Gorzej, wielu startującym powinni dawać odznaki PTTK a nie medale za udział w biegu.
Re: Bieganie w głębokiej dupie ?
: 30 wrz 2019, 11:01
autor: keiw
Już to pisałeś
Wysłane z mojego SM-G950F .
Re: Bieganie w głębokiej dupie ?
: 30 wrz 2019, 12:03
autor: Adam Klein
No to może problem jest w Warszawie? Jeszcze rok temu pisałem taki artykuł:
https://bieganie.pl/?show=1&cat=10&id=9757
Rok temu w MW biegło 7,5 tys ludzi. Co się stało?
Re: Bieganie w głębokiej dupie ?
: 30 wrz 2019, 12:20
autor: Pixa
W Warszawie problemem są dwa konkurujące ze sobą maratony, które podbierają sobie chętnych. A jak wygląda sprawa gdyby zsumować uczestników obu biegów w np. 2017/18/19?
Re: Bieganie w głębokiej dupie ?
: 30 wrz 2019, 13:26
autor: Adam Klein
E tam. Rok temu też były a jesienią w Warszawie pobiegło 3000 osób więcej niż wczoraj.
Nie chcę przez to powiedzieć, że to nie ma żadnego wpływu ale przecież te dwa maratony jakoś ze soba koegzystują jeden na wiosnę drugi na jesieni
Re: Bieganie w głębokiej dupie ?
: 30 wrz 2019, 14:00
autor: Skoor
Czyli...
Nadchodzi ostateczny krach systemu!
I pozostaną tylko jednostki prawdziwie miłujące bieganie

Re: Bieganie w głębokiej dupie ?
: 30 wrz 2019, 14:03
autor: Qba Krause
moim zdaniem wyczerpuje się pula ludzi, którzy jeszcze nie próbowali biegania.
ile osób zostaje przy bieganiu, wkręca się w niej coraz mocniej po kilku, kilkunastu miesiącach? moim zdaniem mniejsza połowa (dużo mniejsza).
dlatego w szerszym gronie znajomych mamy coraz mniej osób, które owszem, coś tam próbowały, "nawet schudły", "nawet pobiegły półmaraton", "nawet im się podobało", ale początkowe motywacje się wyczerpały i bieganie stało się kolejną rzeczą na liście "odhaczonych".

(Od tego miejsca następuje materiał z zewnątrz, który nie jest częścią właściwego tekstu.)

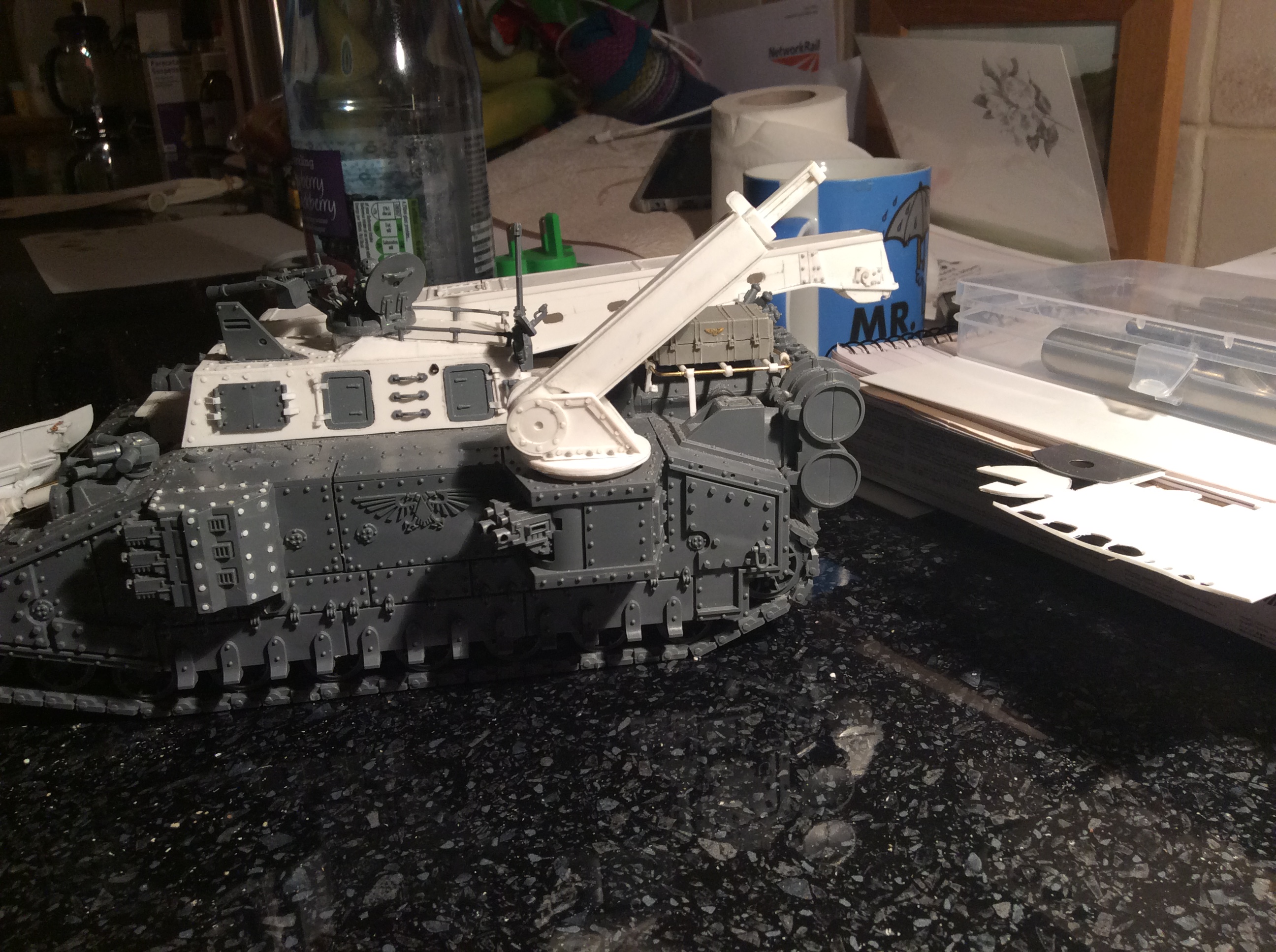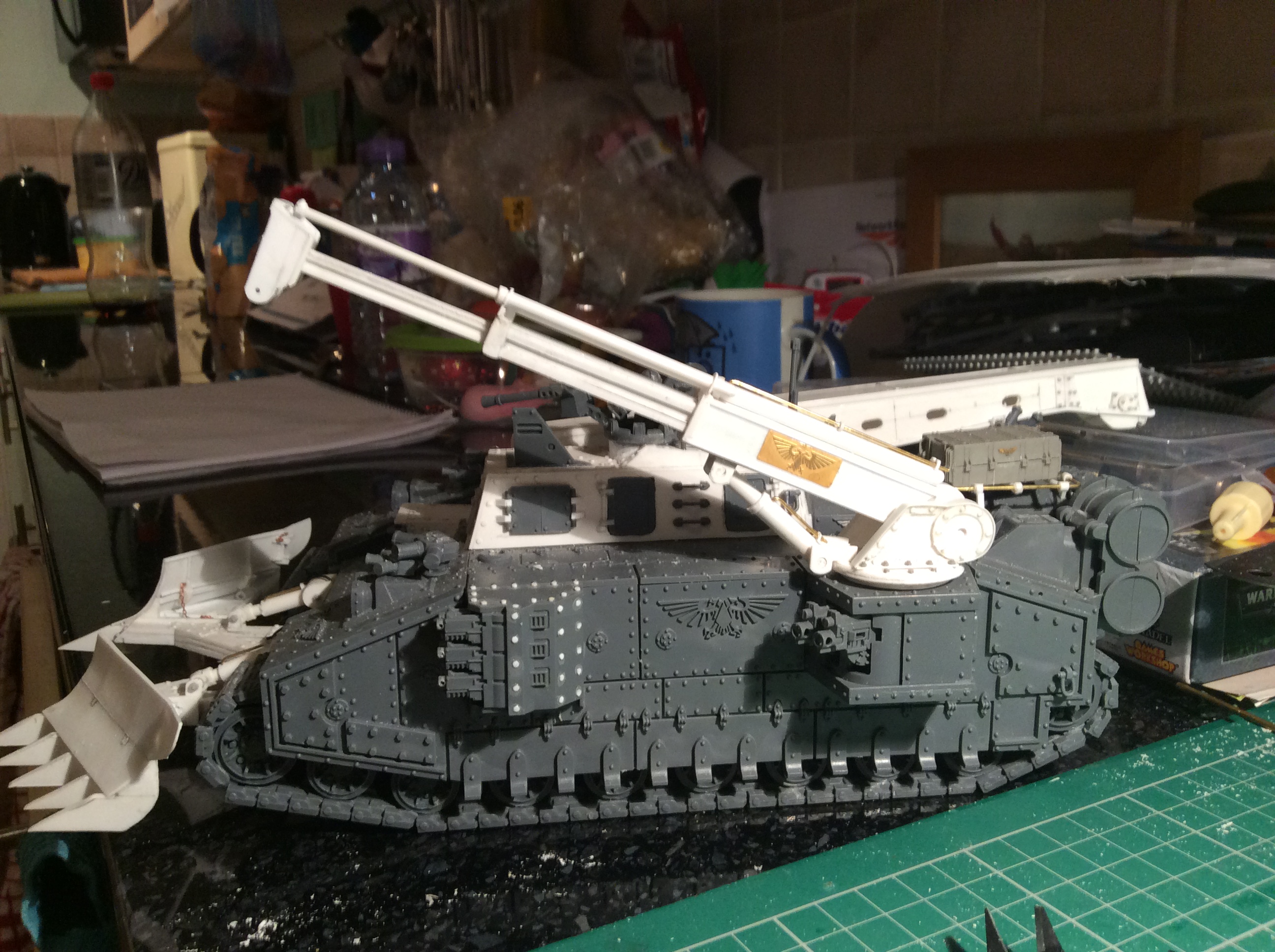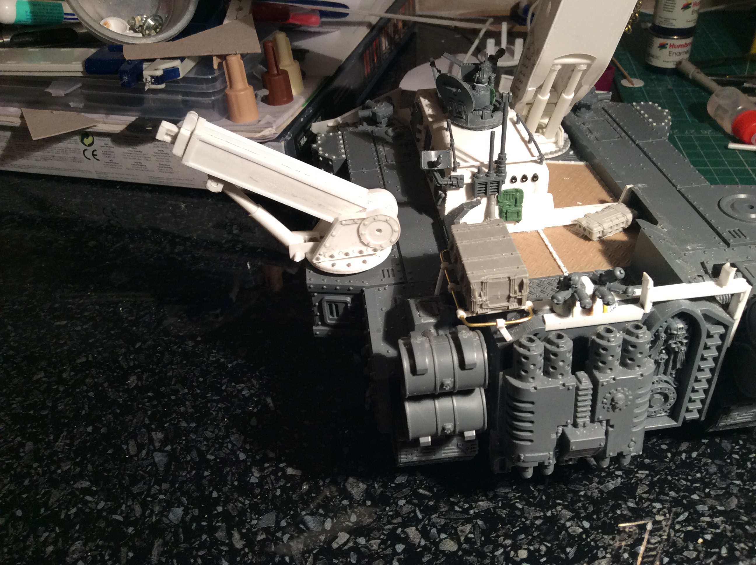 Mmmmm, food for thought. Like the idea of a excavator arm, lots of ram and rivet detail potential. Have been building a telescopic crane for another project . aquired an incomplete forgeworld bombard kit and I am currently converting it to a Trojan type supply vehicle with scratch built trailer. The crane from the kit was a bit short for what I wanted so I extended the first section by 20mm and then completely rebuilt the second section as a telescopic jib, but could scratch build something like it for one of the sponsons.

stąd popularność różnych parabiegowych imprez - color run, biegi dla dzieci, ocr... mam wrażenie, że wytraca się dynamika, pewnie starczy pędu jeszcze na kilka lat, ale co dalej?
Re: Bieganie w głębokiej dupie ?
: 30 wrz 2019, 14:11
autor: PanTalon
moi znajomi idą w biegi górskie. Podobno bieganie po płaskim i do tego po asfalcie jest dla cieniasów

Re: Bieganie w głębokiej dupie ?
: 30 wrz 2019, 14:14
autor: yacool
Prawdziwi twardziele rozbijają w puch czasy wędrówek na szlakach górskich.
Re: Bieganie w głębokiej dupie ?
: 30 wrz 2019, 14:31
autor: Qba Krause
moda na bekę z górskich ultrasów jest niewątpliwym dowodem na popularność tej odmiany biegania
a wracając do maratonu warszawskiego - może w tym roku skaszanili promocję?
Re: Bieganie w głębokiej dupie ?
: 30 wrz 2019, 14:46
autor: yaaceek
Qba Krause pisze:może w tym roku skaszanili promocję
Była jakaś? Parę bilbordów z miesiąc wcześniej czy jakoś tak? Dlaczego np. taka trasa biegu nie była oznaczona banerami na słupach jak to było przy biurze zawodów. Oczywiście od samego początku, gdy tylko trasa była potwierdzona.
Re: Bieganie w głębokiej dupie ?
: 30 wrz 2019, 15:14
autor: Qba Krause
nie wiem, nie jestem z wawy :P
Re: Bieganie w głębokiej dupie ?
: 30 wrz 2019, 15:24
autor: Kangoor5
Nie ma kasy na promowanie biegactwa, bo trzeba kupić miejsce w bolidzie na przyszły sezon naszemu eksportowemu kierowcy. W tym sezonie zdobył już 1 punkt (jakiś inny zespół dostał karę czasową), więc jest potencjał na przyszłość. Bieganiem z kolan nie wstaniesz.
"Patrzcie, mówimy, to nasze, ... i to nie jest nasze ostatnie słowo!"
Re: Bieganie w głębokiej dupie ?
: 30 wrz 2019, 16:04
autor: Pixa
O czym my tu dyskutujemy. Żaden zawodowy sport nie powinien być finansowany z budzetu państwa lub przez spółki skarbu panstwa. Bieganie tez nie.